The CBIR technology boils down to two intrinsic objectives: (a) Propose a robust descriptor(s) which can represent useful information which well describe the semantic content of the image. (b) Propose an efficient matching algorithm in order to measure the similarity between the descriptor(s) of QI and those of RI. This latter should discriminate irrelevant images and be fast to satisfy users wishes.

3 Overview of the proposed approach

3.1 Fast Beta Wavelet transform (FBWT)

The FBWT aims to provide a simple way to exploit the multiresolution analysis, i.e. the weights computing of the connections with other techniques are simpler and easier than those based on the projection on dual bases. It was demonstrated [6] that the approximation of a signal f to \(V_{j+1}\) can be calculated from its projection on \(V_j\) with the following equation:

$$\begin{aligned} v_n^{j+1}=\sum _{k}{h[k]v_k^j} \end{aligned}$$
(1)

The H coordinates are known as the low-pass filter or scale function filter.
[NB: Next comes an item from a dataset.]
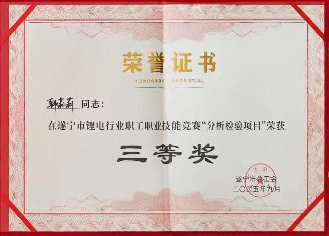 2025年9月24日,从遂宁市2025年锂电行业职工职业技能竞赛现场传来喜讯,我院2025届应用化学专业毕业生、现就职于四川翔丰华新能源材料有限公司的韩莉莉,在步入工作岗位仅两个月后,即代表企业参赛,并在竞争激烈的“分析检验项目”中荣获三等奖,充分展现了我院毕业生过硬的综合素质与扎实的实践能力。

The detail coefficients of the scale \((j+1)\) can be calculated using the approximation coefficients of the scale (j).

$$\begin{aligned} \omega _n^{j+1}=\sum _{k}{g[k]v_k^j} \end{aligned}$$
(2)

The g filter is called the low-high filter or wavelet filter. Here, we applied the multiresolution analysis using only h and g filters and their dual filters for the reconstruction and decomposition stages, respectively. To accelerate the calculation of the approximation and detail coefficients , a fast algorithm for wavelet decomposition and reconstruction using filter banks was invented. Known as FBWT, this algorithm reduced the time consuming steps of the decomposition and the reconstruction considerably. To calculate the approximation of f at scale \(j+1\), the approximation \(v^j\) at scale j is convoluted by the dual filter \(\tilde{h}\). the resulting signal is decimated by 2 to obtain the approximation coefficients. The same steps are repeated using the dual filter \(\tilde{g}\) rather than \(\tilde{h}\) to obtain the detail coefficients \(\omega ^{j+1} \).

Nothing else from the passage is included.